- _WORK TO COMPLETE_:
The entries are to be reproduced word for word, with all images left out.

(Extracted records)
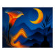Auf der rechten Seite strahlt ein großer Halbmond in warmen Orange- und Gelbtönen und verleiht der Szene eine himmlische Präsenz.
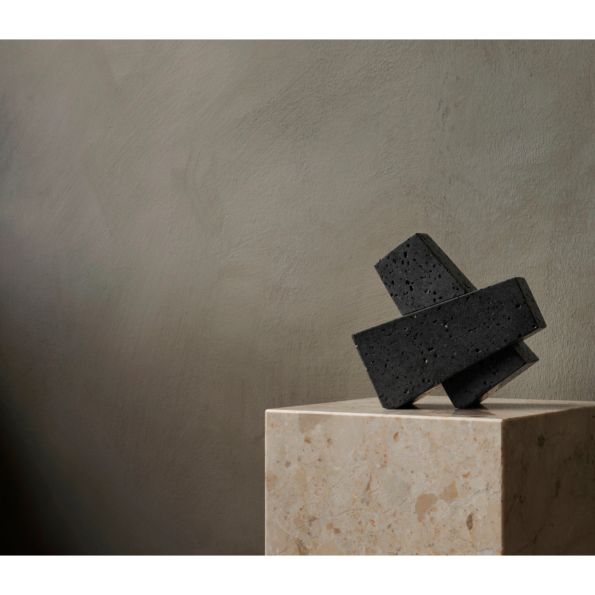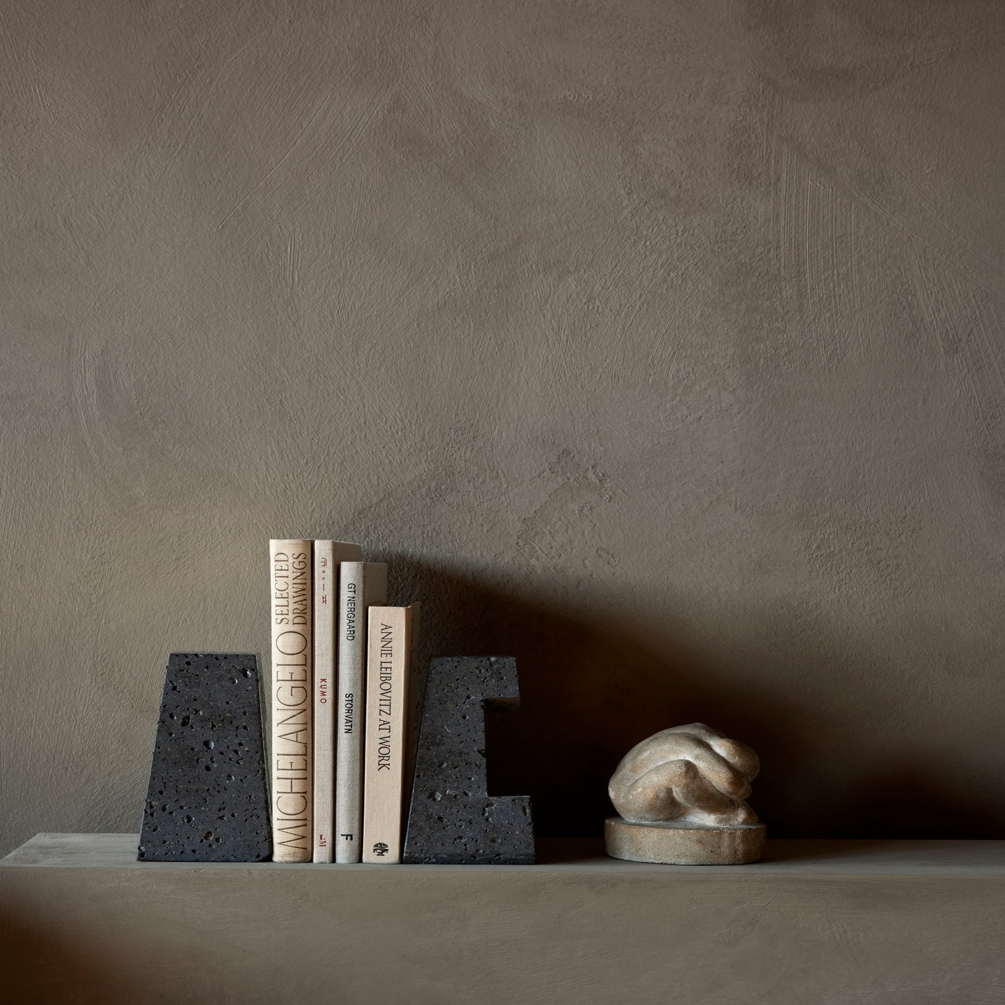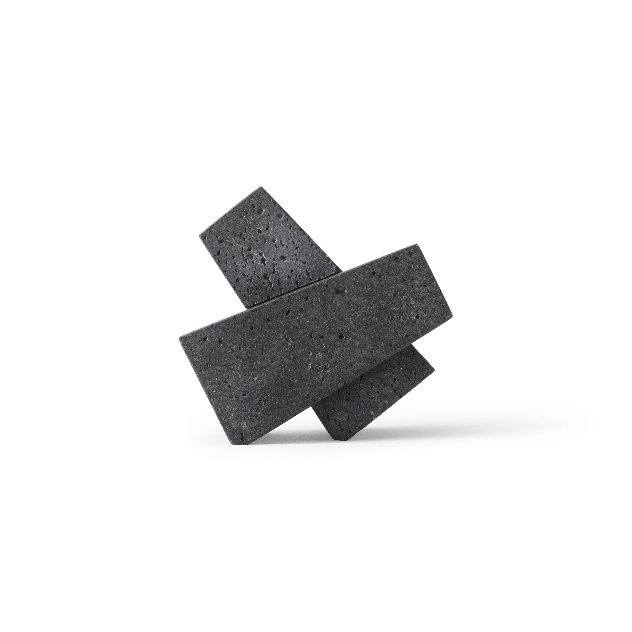 Designed to neatly hold books in place, the abstract forms of the Converge Bookends are shaped from lava stone - a dark and porous material with a textured surface. Use as intended, one at either side of a line of books, or interlock together to create a sculpture that delights with its intriguing shape and touch.
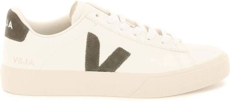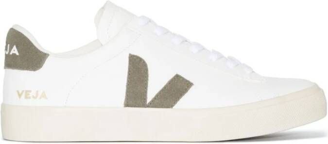 Witte ‘Campo’ sneakers van Veja. Dit vetermodel is gemaakt van chroomvrij leer en heeft een reliëflogo op de tong, het merk Signature Khaki -logo -patch in rubber en veganistisch suede en biologische katoenen schoenveters. De mesh binnenvoering gemaakt van gerecyclede materialen werd ontwikkeld om een betere weerstand tegen wrijving te krijgen. De door biologische sourced en gerecyclede binnenzool bestaat uit suikerriet, Amazon-rubber, biologisch katoen en gerecyclede Eva. Het is ingesteld op een rubberen zool gemaakt van organische en gerecyclede materialen. Dit leer ondergaat een innovatief zonneproces waarbij er geen chroom, zware metalen of gevaarlijke zuren bij betrokken zijn. Door het zonneproces te vereenvoudigen, is het gebruik van chemicaliën en energie beperkt, het gebruik van water wordt met ongeveer 40% verminderd en het gebruik van zout met 80%. Na het bruinen is het water recyclebaar. Deze beschrijving is automatisch vertaald.
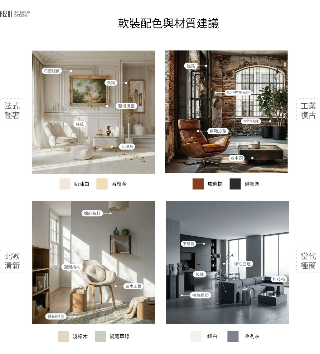 風格類型 | 建議主色調 | 核心家具建材 | 必備裝飾元素 |
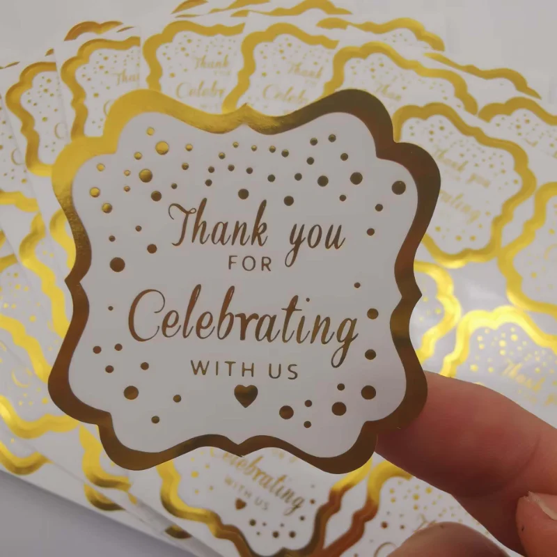 60pcs Gold Foil Thank You For Celebrating With Us Stickers 2 inch Fancy Frame Rectangular Labels Stickers for Wedding Party  Read more
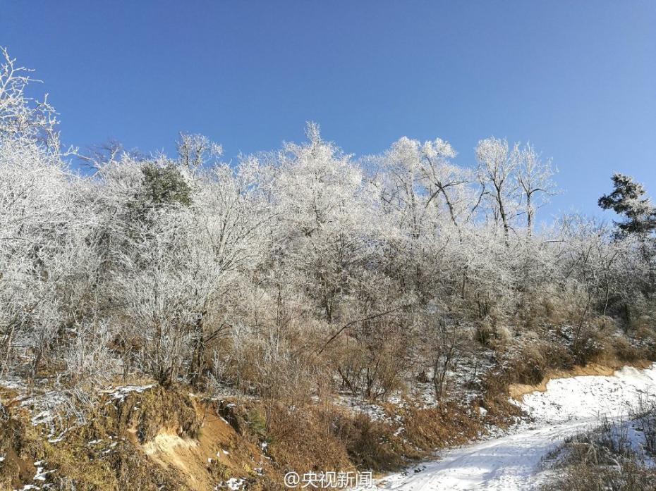 受較強(qiáng)冷空氣影響,秦嶺腹地涼風(fēng)埡山頂,出現(xiàn)大面積霧凇景觀。玉樹(shù)瓊枝,晶瑩剔透,讓涼風(fēng)埡山頂變得像童話世界一般,美不勝收。 央視記者王志杰 圖片來(lái)源:央視新聞微博
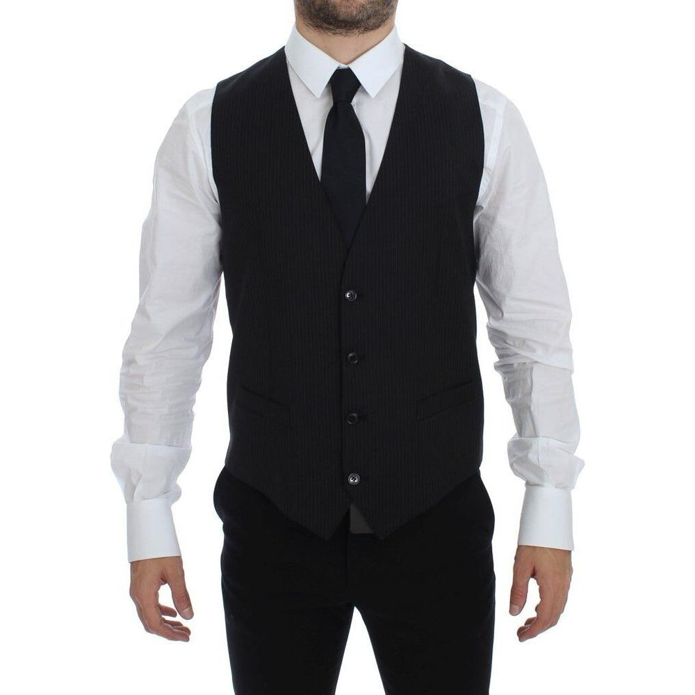 Dolce & Gabbana Black Striped Wool Single Breasted Vest
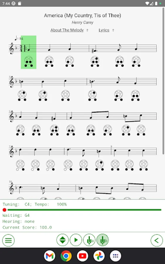 By default the app is supported by advertisements, and only a handful of melodies is accessible for free. Paid app subscriptions available in the in-app store unlock all melodies, and remove all advertisements. The profit from subscriptions will also allow for future app development, including new bug-fixes, new features, and new melodies.
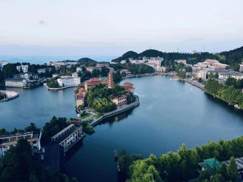 九宮山西連衡岳,東接匡廬,廣袤數(shù)百里,九宮山森林公園存有大片原始森林和第四紀(jì)冰川遺跡,內(nèi)有近千種名貴動(dòng)植物,近百種珍稀瀕危物種,被稱作景象萬千的“森林都市”景點(diǎn)。云中湖是九宮山鎮(zhèn)所在地,也是九宮山旅游的食宿基地。是一個(gè)以人文景觀為主的中心風(fēng)景區(qū),主要有青松迎客、泉崖噴雪(瀑布)、真君石殿、吳雄楚關(guān)、烏龜朝圣和銅鼓擂天。
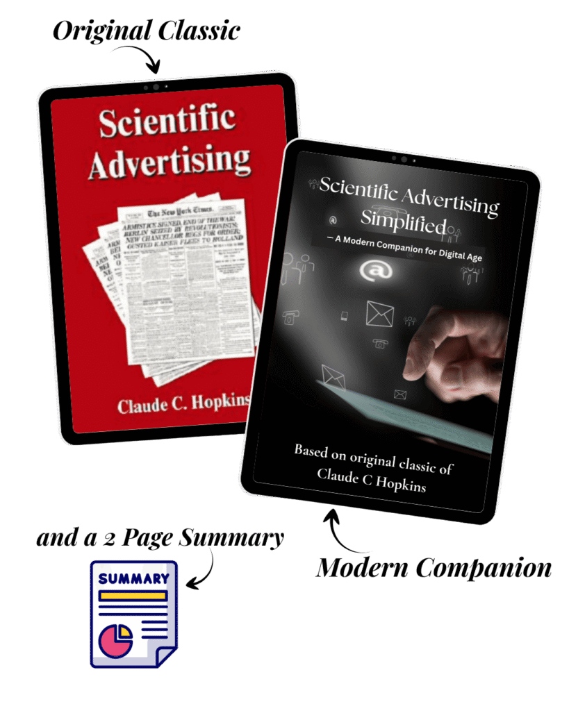 Plus you will be getting a 2 page summary of the entire book– You may call it distilled wisdom to its core. This 2-page summary gives you the essence of Claude Hopkins’ Scientific Advertising in plain, modern language—so you can grasp in minutes what many marketers spend years (and thousands of dollars) trying to figure out. It condenses Hopkins’ timeless principles into a quick, practical guide you can apply instantly to your ads, emails, and funnels—saving you time, eliminating guesswork, and giving you a proven foundation to build campaigns that actually sell.

- _ANSWER SECTION_:
Auf der rechten Seite strahlt ein großer Halbmond in warmen Orange- und Gelbtönen und verleiht der Szene eine himmlische Präsenz.
 Designed to neatly hold books in place, the abstract forms of the Converge Bookends are shaped from lava stone - a dark and porous material with a textured surface. Use as intended, one at either side of a line of books, or interlock together to create a sculpture that delights with its intriguing shape and touch.
 Witte ‘Campo’ sneakers van Veja. Dit vetermodel is gemaakt van chroomvrij leer en heeft een reliëflogo op de tong, het merk Signature Khaki -logo -patch in rubber en veganistisch suede en biologische katoenen schoenveters. De mesh binnenvoering gemaakt van gerecyclede materialen werd ontwikkeld om een betere weerstand tegen wrijving te krijgen. De door biologische sourced en gerecyclede binnenzool bestaat uit suikerriet, Amazon-rubber, biologisch katoen en gerecyclede Eva. Het is ingesteld op een rubberen zool gemaakt van organische en gerecyclede materialen. Dit leer ondergaat een innovatief zonneproces waarbij er geen chroom, zware metalen of gevaarlijke zuren bij betrokken zijn. Door het zonneproces te vereenvoudigen, is het gebruik van chemicaliën en energie beperkt, het gebruik van water wordt met ongeveer 40% verminderd en het gebruik van zout met 80%. Na het bruinen is het water recyclebaar. Deze beschrijving is automatisch vertaald.
 風格類型 | 建議主色調 | 核心家具建材 | 必備裝飾元素 |
 60pcs Gold Foil Thank You For Celebrating With Us Stickers 2 inch Fancy Frame Rectangular Labels Stickers for Wedding Party  Read more
 受較強(qiáng)冷空氣影響,秦嶺腹地涼風(fēng)埡山頂,出現(xiàn)大面積霧凇景觀。玉樹(shù)瓊枝,晶瑩剔透,讓涼風(fēng)埡山頂變得像童話世界一般,美不勝收。 央視記者王志杰 圖片來(lái)源:央視新聞微博
 Dolce & Gabbana Black Striped Wool Single Breasted Vest
 By default the app is supported by advertisements, and only a handful of melodies is accessible for free. Paid app subscriptions available in the in-app store unlock all melodies, and remove all advertisements. The profit from subscriptions will also allow for future app development, including new bug-fixes, new features, and new melodies.
 九宮山西連衡岳,東接匡廬,廣袤數(shù)百里,九宮山森林公園存有大片原始森林和第四紀(jì)冰川遺跡,內(nèi)有近千種名貴動(dòng)植物,近百種珍稀瀕危物種,被稱作景象萬千的“森林都市”景點(diǎn)。云中湖是九宮山鎮(zhèn)所在地,也是九宮山旅游的食宿基地。是一個(gè)以人文景觀為主的中心風(fēng)景區(qū),主要有青松迎客、泉崖噴雪(瀑布)、真君石殿、吳雄楚關(guān)、烏龜朝圣和銅鼓擂天。
 Plus you will be getting a 2 page summary of the entire book– You may call it distilled wisdom to its core. This 2-page summary gives you the essence of Claude Hopkins’ Scientific Advertising in plain, modern language—so you can grasp in minutes what many marketers spend years (and thousands of dollars) trying to figure out. It condenses Hopkins’ timeless principles into a quick, practical guide you can apply instantly to your ads, emails, and funnels—saving you time, eliminating guesswork, and giving you a proven foundation to build campaigns that actually sell.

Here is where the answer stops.